Celestini. Discorsi alla nazione in crisi d’identità

ascanio celestini - discorsi alla nazioneUn aspirante tiranno che esorta i cittadini ad eleggerlo “democraticamente”, una nazione immaginaria sprofondata in una guerra civile a cui corrisponde una pioggia senza fine, un condominio abitato da persone sprofondate in iperboliche solitudini, che hanno più a che vedere con la disgregazione sociale che con una condizione esclusivamente intima. Con «Discorsi alla nazione» Ascanio Celestini si smarca dalla sua classica cifra affabulatoria per costruire uno spettacolo dal respiro differente rispetto ai suoi precedenti lavori, che è in grado di materializzare pezzo dopo pezzo una sorta di distopia orwelliana, un futuro prossimo che potrebbe essere il nostro sen non fosse per alcune “interferenze” di carattere surreale (o, forse, proprio a causa di esse). Ma nonostante questo cambio di passo abbia in parte spiazzato una fetta del pubblico che ha assistito allo spettacolo al Teatro Palladium di Roma, che si aspettava forse una formula collaudata e rassicurante, questo “studio” può a ragione definirsi un esperimento riuscito, che conferma le grandi doti autoriali di Celestini, al di là del classico schema del cosiddetto “teatro di narrazione”, o degli sketch televisivi, che lo hanno fatto conoscere al grande pubblico.

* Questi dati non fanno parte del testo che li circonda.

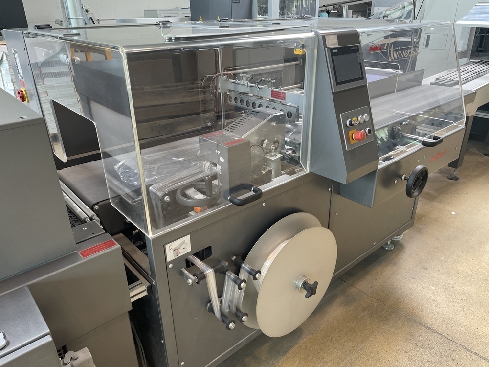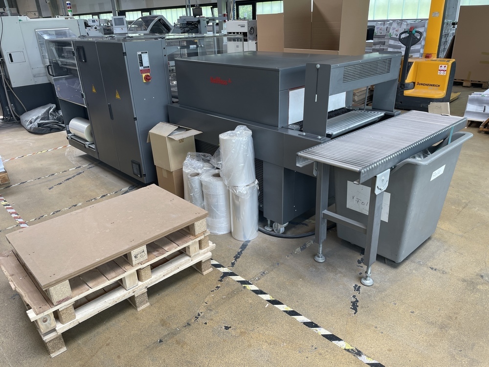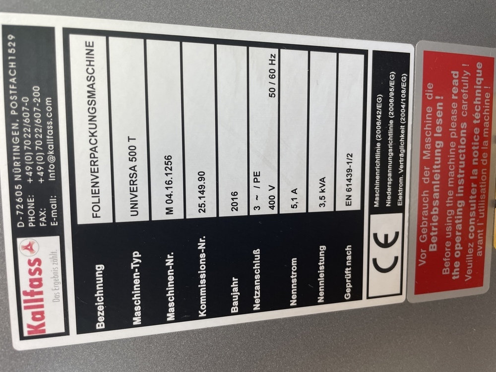 Description: KALLFASS fully-automatic Side Sealer Universa 500T<>Technical data:<>Cross seal bar, length - 500mm<>Product clearance height - 200mm<>Power supply - 208 -480 Volt<>Film, center-foldedfilm - 12 - 80 <>Transport speed - 10 - 35 meter / minute<>Packaging speed, max. - 85 cycles / minute<>Power connection: 400 V three-phase current, 50/60 Hz with protective conductor<>Rated power: 3,5 kVA<>Rated current at 400 V: 5,1 A<>KALLFASS Shrink Tunnel Compact 650 S<>Technical data:<>Adjustable working height - 800 - 900mm<>Tunnel clearance width, height - 650mm, 200/400mm<>Length of the heated tunnel hood - 1200mm<>Power supply - 280 - 40 Volt<>Continuously adjustable temperature - bis 190 C<>Transport speed - 5- 17,5 meter / minute<>Installed heating capacity - 13,5 kW <>Power connection: 400 V three-phase current, 50/60 Hz with protective conductor<>Rated power: 14,5 kVA - 11,1 kVA<>Rated current at 400 V: 20,9 A + 16,0 A<>Perfect for fully automatic film packaging, this system offers proven technology at excellent value. Manufacturing companies with a broad product range, industrial services companies, and contract packaging companies benefit greatly fromm the efficient production processes and simple handling of the robust, reliable film packaging system. <>The compact shrink tunnel for small to medium formats. With the extra advantage of heat performance.

Celestini, invece, è proprio dalla cosiddetta “scena di ricerca” che proviene (il periodo dei suoi esordi, meno noto al pubblico, è costellato di collaborazioni con alcuni dei principali nomi della scena contemporanea come Gaetano Ventriglia, Roberto Latini, Michele Sinisi). In questo nuovo lavoro sembra quasi voler citare questa origine, sia attraverso di una scenografia più elaborata, fatta di luci dal sapore più futuribile – per altro in tema con lo spettacolo – sia citando a inizio spettacolo il Palladium come uno dei luoghi del teatro e della danza sperimentali, “dove non si capisce proprio tutto”, a parziale giustificazione del fatto che lui stesso stesse presentando uno studio e non uno spettacolo completo.

Ecco già dall’inizio un cambio di passo: Celestini esce sul palco in modo informale – a dire il vero lo si poteva già intravedere accanto nel foyer accanto alla maschera che strappava i biglietti – e parla direttamente agli spettatori per spiegare il senso dell’operazione. Sembra un cappello introduttivo, forse di fatto lo è, ma siamo anche già all’interno dello spettacolo. Lo capiamo solo verso la fine del suo discorso, introdotto dalle registrazioni audio dei discorsi politici di tanti potenti della storia – Mao, Kennedy, Craxi, Bush, Khomeyni, Berlusconi, ma anche un Andreotti scomparso di fresco – che accolgono il pubblico che si accomoda in sala come un tappeto sonoro. Lo capiamo solo alla fine perché Celestini divaga: dalla forma dello spettacolo passa a parlare della situazione politica frammentata e dei valori di sinistra, altrettanto in pezzi. “Io sono di sinistra…” è l’esodio di molte sue riflessioni, che però poi scivolano volontariamente sul peggior razzismo da senso comune. Io sono di sinistra, lo so che la Costituzione italiana ripudia la guerra, ma se tutto il mondo fa la guerra a Gheddafi che facciamo, noi non ci andiamo? Io sono di sinistra, ma in fondo quel Gheddafi è vero che ci ha fermato un po’ di africani che sennò ci stava l’invasione. Io sono di sinistra, ma però me ne frego…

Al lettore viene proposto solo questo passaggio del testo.